Standardized tests are used, almost across the board in education, to determine placement in gifted programs in our public schools, to gain acceptance into popular summer programs for gifted students, for acceptance and recognition into prestigious university talent identification programs and for admission into college.  Standardized tests quite literally can determine a child’s future – for good or for bad.

Should standardized tests be used to determine paths of such critical importance?

I think not, but this is the standard way of determining who our best and brightest students are.  I say we are not casting a wide enough net.  Had Einstein lived in this day and age of standardized testing, the small net being cast out would not have come close to finding him, and what would have happened if Einstein were told that he was not smart enough because a single standard question-and-answer test said so?   Where would our world be without Einstein’s contributions?  Thankfully, standardized tests were not there to stifle Einstein’s illustrious achievements and brilliant contributions to our world.  But how many of our future movers and shakers will have their potential thwarted by such an ineffective casting of the net?

Let’s look at the validity and effectiveness of standardized tests as a measure of a student’s intellectual ability and gauge of his future potential.

First off, can we all agree that not every student is an efficient test taker?  Face it, not every student is!  That is why there is a lucrative and thriving test prep business focused on helping students manage their time when taking the test, teaching them to use deductive reasoning skills when they DON’T KNOW the answer to a question, and to generally get them used to the well-loved standardized testing format.  So, unless our students have been trained and well-practiced in standardized test-taking skills, they may not produce the necessary scores to be accepted into a gifted and talented program in our public schools, or be recognized by one of the many university talent recognition programs or be accepted into the best colleges where they could reach their full potential.

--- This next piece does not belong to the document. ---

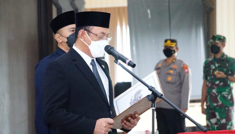 CILEGON – Pemerintah Kota Cilegon menggelar acara Pelantikan dan Pengambilan Sumpah Janji Jabatan Pimpinan Tinggi Pratama Tahun 2022 yang berlokasi di Aula Dinas Komunikasi Informatika Sandi dan Statistik Kota Cilegon, Senin (21/02/2022).

The next snag in this gathering of our best and brightest is the fact that despite being well-practiced in test-taking skills, some students are hindered by test-taking anxiety, and we all know that few of us would be able to do our best on a high-stakes standardized test which will likely determine our future if we are a veritable bundle of nerves.  The much-proven fact that gifted students are at a higher risk for anxiety, perfectionism and depression puts those suffering from any added emotional stress at a disadvantage when taking a standardized test; especially one that determines whether or not they are accepted into a particular college or gifted program.

Now, I have to wonder how many gifted, talented and creative geniuses have been weeded out and thrown to the curb by our standardized testing system, and whose achievements, contributions and discoveries our world will never benefit from.

Let’s look at another fact: many gifted learners have strong visual spatial ability.  It is said that strong visual-spatial intelligence is a trait our innovative and creative geniuses share.  Einstein was a famous visual spatial learner; that is precisely why he struggled in school.  Those who have strong visual spatial intelligence are our engineers, inventors, innovators and artists – these are our world changers!  And too bad for us, many of these potential innovators are left feeling like failures when they can’t adequately prove their intelligence, abilities and talents on timed standardized tests.

Our visual spatial thinkers get their first dose of feeling like a failure in our traditional school system.  Visual spatial learners think in pictures, not in words.  They have photographic memories and learn best through a highly visual experience.  On the other hand, classrooms are set up to teach to auditory-sequential learners – quite the opposite learning experience visual spatial learners need to thrive.  Also, visual spatial learners have little concept of time so they struggle with timed tests and timed learning activities.  And isn’t this what school is all about – timed lessons, timed tests, timed lunch, timed class periods?  The small net being cast using standardized tests misses a significant group of highly intelligent and creative geniuses – our visual-spatial thinkers!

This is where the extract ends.